As to the first cause of action, it is contended by counsel for the village that no defect in the sewer has been proved, and, at all events, that no causal connection is shown between the alleged faults in the sewer and the flooding of plaintiff’s sub-cellar. But evidence was offered of a stream of water entering the cellar through a hole made by thrusting a bar horizontally into the soil towards the sewer when the mouth thereof was choked with ice, and of the instant subsidence of that stream when the ice was removed. This event, it is true, occurred more than four years before the commencement of this action, and henee without the period for which damages for a continuing nuisance may be recovered (Railway Co. v. O’Harra, 50 Ohio State, 667, 679). But it was perfectly competent for the plaintiff to show that the sewer had previously occasioned similar damage, for the purpose of proving that the same cause thereafter might, probably have produced the like effect (Brewing Co. v. Bauer, 50 O. S., 560). It was of course necessary to show further that the condition of the sewer remained unchanged. It follows that the court erred in excluding the evidence tendered at page 35, of the incident just referred to, for its tendency was to show that the sewer was in some way defective so as to permit the escape of sewage through the soil towards plaintiff’s cellar. 5 Thompson’s Commentaries of the Law of Negligence, Section 5894.

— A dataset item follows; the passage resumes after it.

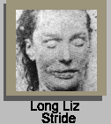 "Long Liz" was born in Gottenburg, Sweden (November 1843 ?), named Elisabeth Gustafsdotter. After becoming a prostitute, she moved to London in 1866 and married John Thomas Stride, a carpenter, from Gower Street (?), London. The Strides may have kept a coffee shop until their marriage breakdown in 1882. Long Liz was known to the local police, having had eight convictions for drunkenness before her death. She was killed at Berner Street about 1:00am. Elizabeth Stride was buried in a paupers grave in the East London cemetry.
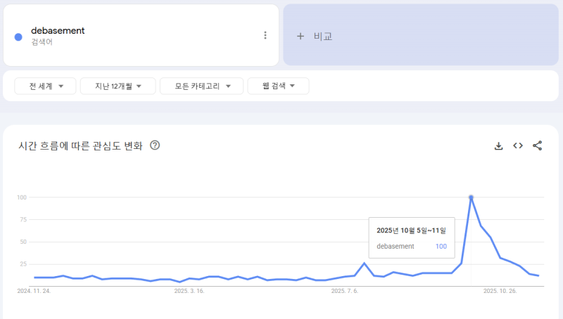 Debasement에 대한 세간의 관심도는 10월 초에 정점을 찍고 급속히 감소했습니다. 금 가격이 고점을 기록한 것도 10월 20일 경이죠. 이후 금 가격은 Debasement에 대한 관심도와 비슷하게 급락하다가, 최근 다시 강하게...

But it is said on behalf of the village that the mere percolation or seeping of sewage through the soil to and into another’s premises is not an actionable wrong, for the rule is analogous to that of the interception or diversion of percolating natural waters. This question is, however, expressly reserved in Elster v. Springfield, 49 O. S., 82, 94, and 101, and the clear weight of authority is against the contention made. Mears v. Dole, 135 Mass., 508; Beatrice Gas Co. v. Thomas, 41 Neb. 662; Wheatley v. Baugh, 64 Am. Dec., 729; Kinnaird v. Standard Oil Co., 89 Ky., 468.

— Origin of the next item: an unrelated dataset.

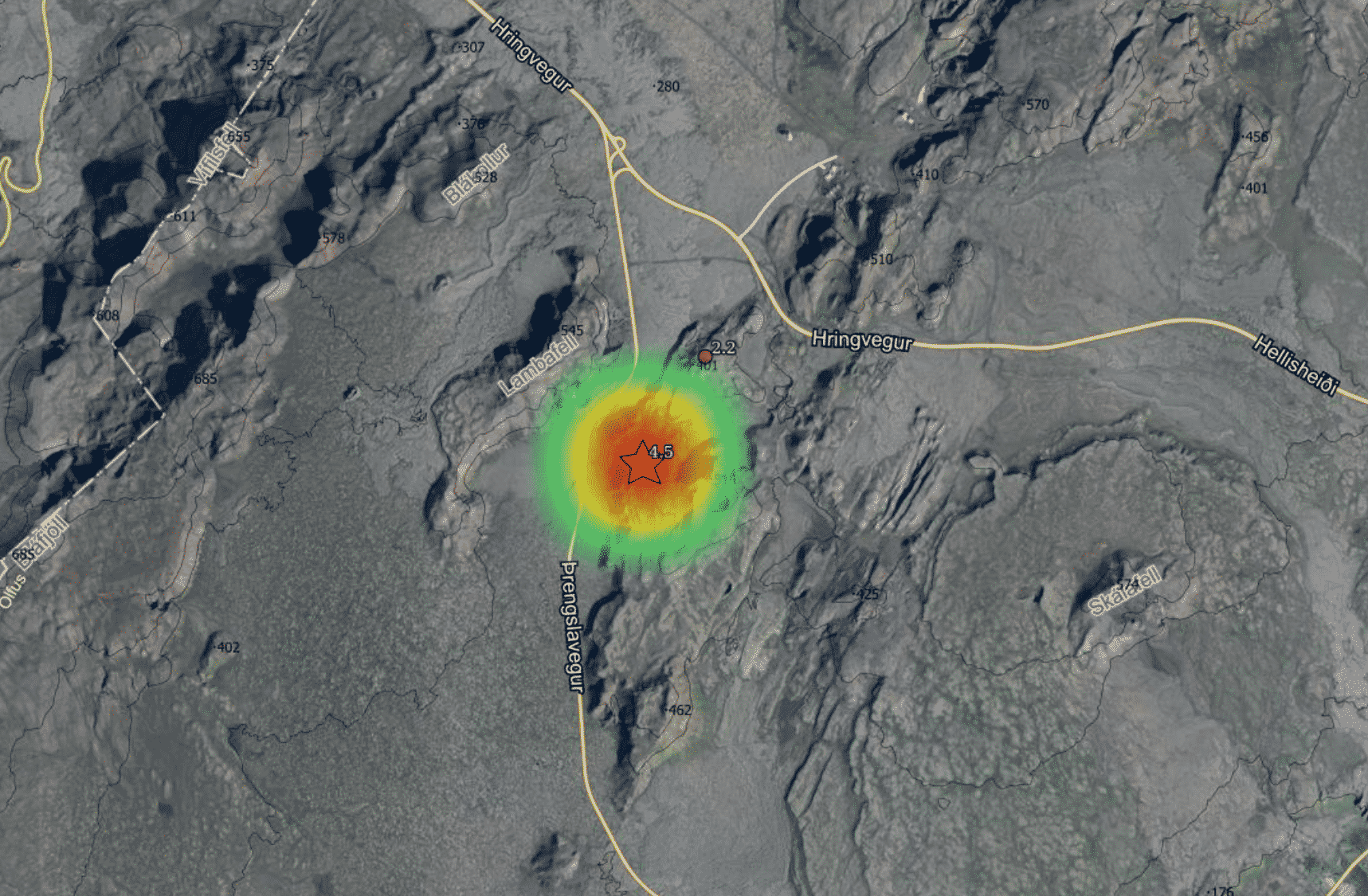 Í vikunni hefur verið mikil virkni austar á Reykjanesskaga og mest úti við Reykjanestá en ekki er ljóst hvort þessi skjálfti tengist þeim hræringum.

It is, however, the settled law that where a municipality brings either sewage or surface water and casts it upon another’s land where it would not of itself naturally flow, it must ordinarily answer in damages therefor. The rule and its limitations are clearly shown in Gilluly v. The City of Madison, 63 Wis., 518; Barry v. The City of Lowell, 90 Mass., 127, and Cincinnati v. Penny, 21 O. S., 500.

For the error in excluding the evidence offered at pages 15, 21 and 35, and in directing a verdict for the defendant the judgment below is reversed and the cause remanded.